The “World Bank Group” inscription on the main building of the World Bank in Washington
Copyright© Thomas Koehler/photothek.net
World Bank Group reform
In light of this, Development Minister Svenja Schulze and other World Bank Governors proposed concrete reforms to the World Bank management in October 2022. The aim is to make the World Bank fit to face the challenges of the future. With its substantial financial capacity, the World Bank is in a position to help drive a socially just transformation of the global economy. And it has the potential to become a front runner when it comes to fighting poverty whilst tackling global crises such as climate change, biodiversity loss and pandemics.
The World Bank Group presented its vision for changing the institution in the form of an “Evolution Roadmap” in December 2022. The reforms are to be defined in more specific terms before the World Bank Group Annual Meeting in autumn 2023. The BMZ is committed to making the World Bank Group a key supporter of a just, socially and environmentally sound transformation. This is vital to achieving sustainable development.

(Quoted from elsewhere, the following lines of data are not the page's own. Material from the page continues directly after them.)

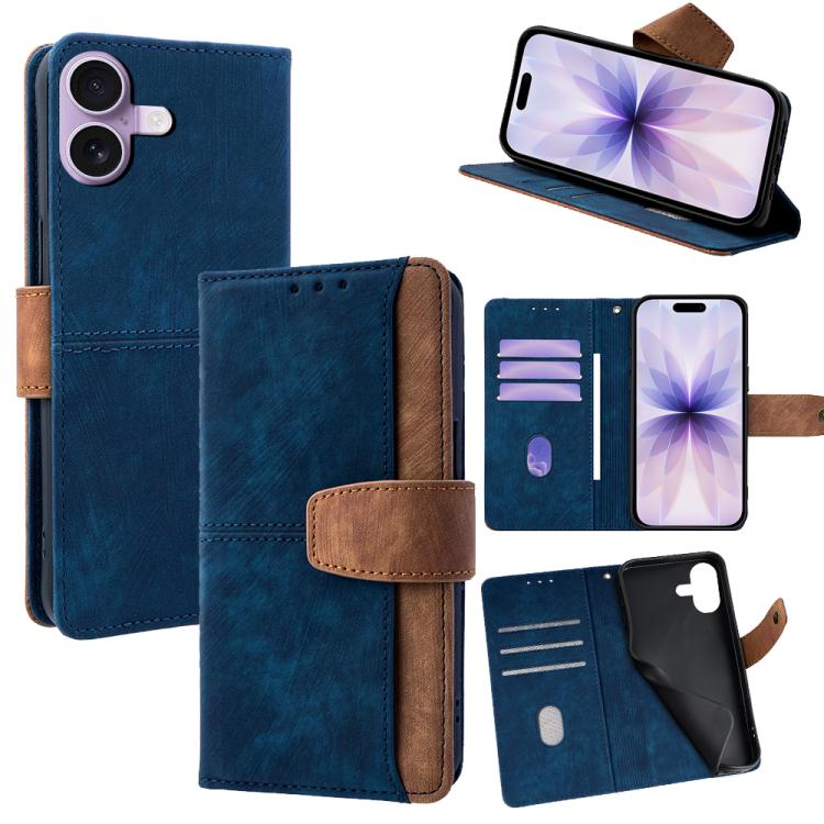 Funda de cuero con costuras de color y bloqueo RFID para iPhone 17 (azul)
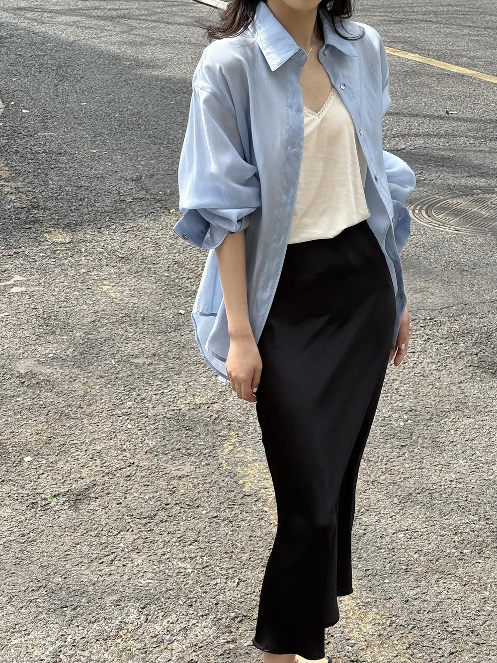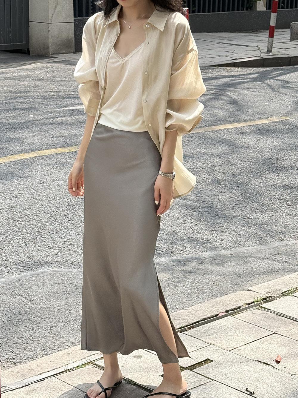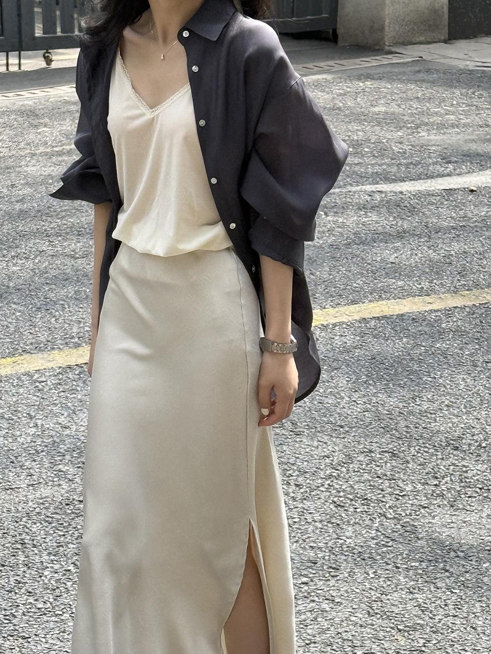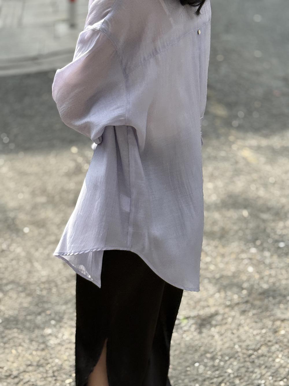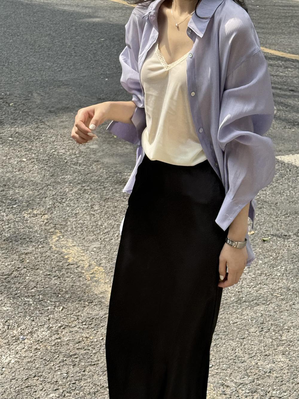 Camisa Tencel con Abertura Trasera para Mujer Verano Diseño Delgado Nicho Blusa Exterior Top Holgado Chaqueta Protección Solar
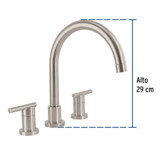 Proveedor:FosetMezcladora p/lavabo,taladros separados,redondos,satín,Tubig, 46760Cuerpo de latón para máxima duración Manerales metálicos tipo volante Cuello de acero inoxidable Cartucho cerámico de suave y fácil...
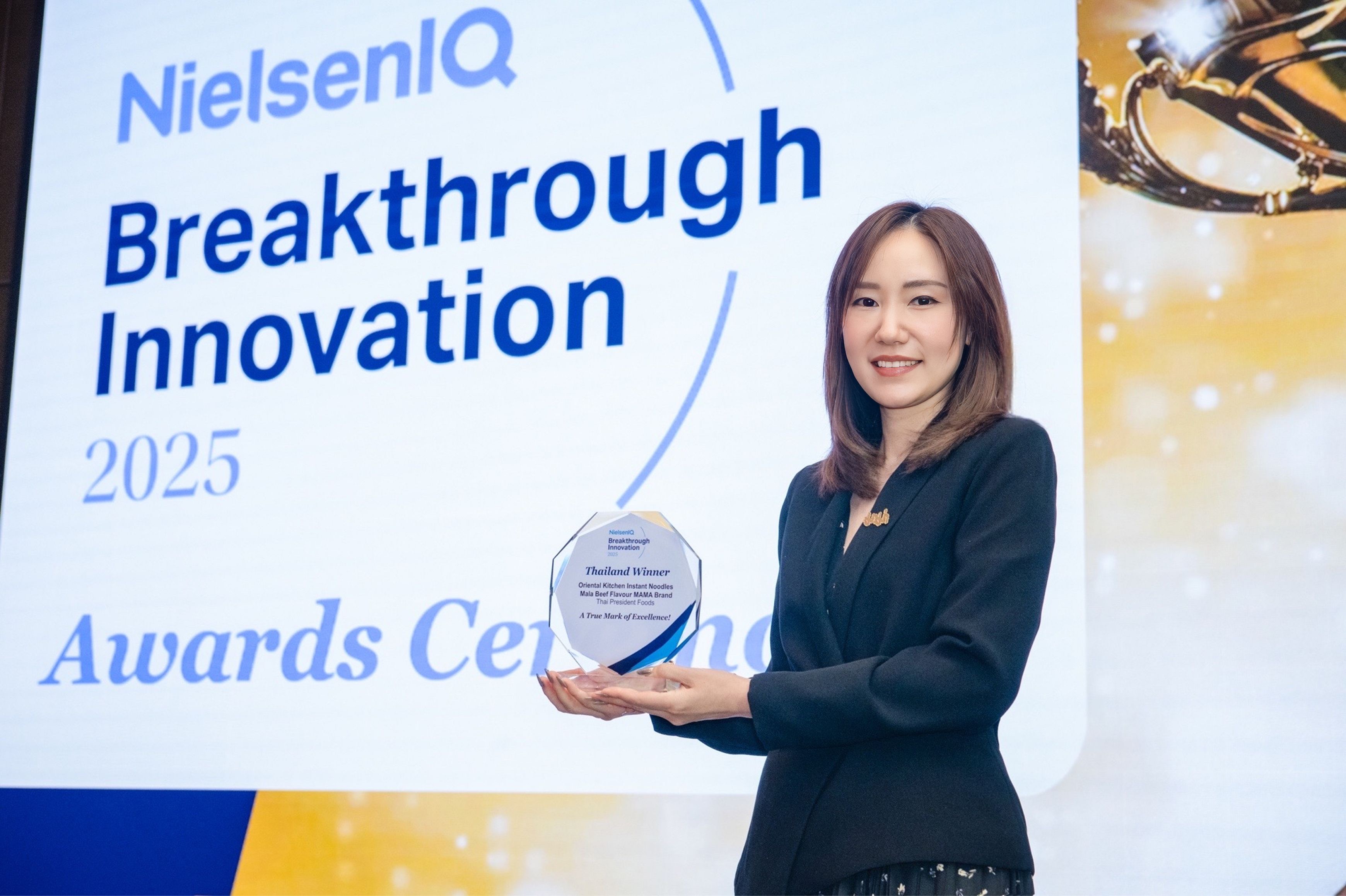 นางสาวกันตพร กำเนิดศิริกุล ผู้จัดการผลิตภัณฑ์แบรนด์มาม่า บริษัท สหพัฒนพิบูล จำกัด (มหาชน) ผู้จัดจำหน่ายผลิตภัณฑ์บะหมี่กึ่งสำเร็จรูป “มาม่า” (MAMA) เปิดเผยว่า รางวัล NIQ Breakthrough Innovation Awards 2025 เป็นรางวัลที่มอบให้กับแบรนด์ที่มีนวัตกรรมโดดเด่น สามารถตอบสนองความต้องการของผู้บริโภคได้จริง มีความแตกต่างจากคู่แข่ง และพิสูจน์ผลลัพธ์ทางธุรกิจจากข้อมูลวิจัยตลาดและผลการดำเนินงานจริง โดยการได้รับรางวัลในครั้งนี้ นับเป็นปีแรกของ “มาม่า” ที่สามารถคว้ารางวัลในเวทีด้านนวัตกรรมระดับสากลดังกล่าว

In order to be able to tackle global challenges and overlapping crises in a sustainable way, the World Bank needs to adapt its country-based business model and create incentives for investing in global public goods such as the climate, biodiversity and global health.
Concrete reform proposals for the World Bank Group
The World Bank Group needs a new kind of economic approach. It is not just about economic growth, it is also about the impact that this growth has on society and the environment. Sustainability and resilience need to become core goals of the Bank and guide its analysis and operations. Minister Schulze is working to establish a new way of measuring prosperity within the Bank and thus give a different quality to the Bank’s economic policy recommendations. Growth is good if it benefits everyone, for example via social protection systems.
The German government is advocating a new vision for the World Bank that better reflects today’s global challenges. This means expanding on the Bank’s previous goals of ending extreme poverty and reducing inequality.
Current global challenges need to be reflected more strongly in the World Bank’s business model, and the Bank’s activities in developing countries and emerging economies need to be adjusted accordingly. One suggestion in this direction is to take a project’s positive and negative cross-border impacts into account when allocating funding and deciding on the terms of loans. By doing that, the World Bank will be able to create greater incentives for borrowing countries to invest in the protection and provision of global public goods.
The World Bank needs to channel its financing instruments more towards policy reform in developing countries and emerging economies that are facing global challenges. This includes cutting back on climate-damaging subsidies and creating an enabling environment for a sustainable and socially responsible private sector.
The World Bank Group needs to seek recommendations for making more efficient, more risk-tolerant use of its capital in order to be able to provide more funding for climate action and tackling cross-border challenges. The crucial point is to make use of the available capital while maintaining the institutions’ current AAA rating.
In future, loan agreements should include clauses regarding natural disasters and pandemics, which would allow borrowers to temporarily reduce debt service payments in times of crisis. This will give affected countries financial flexibility when their need is greatest.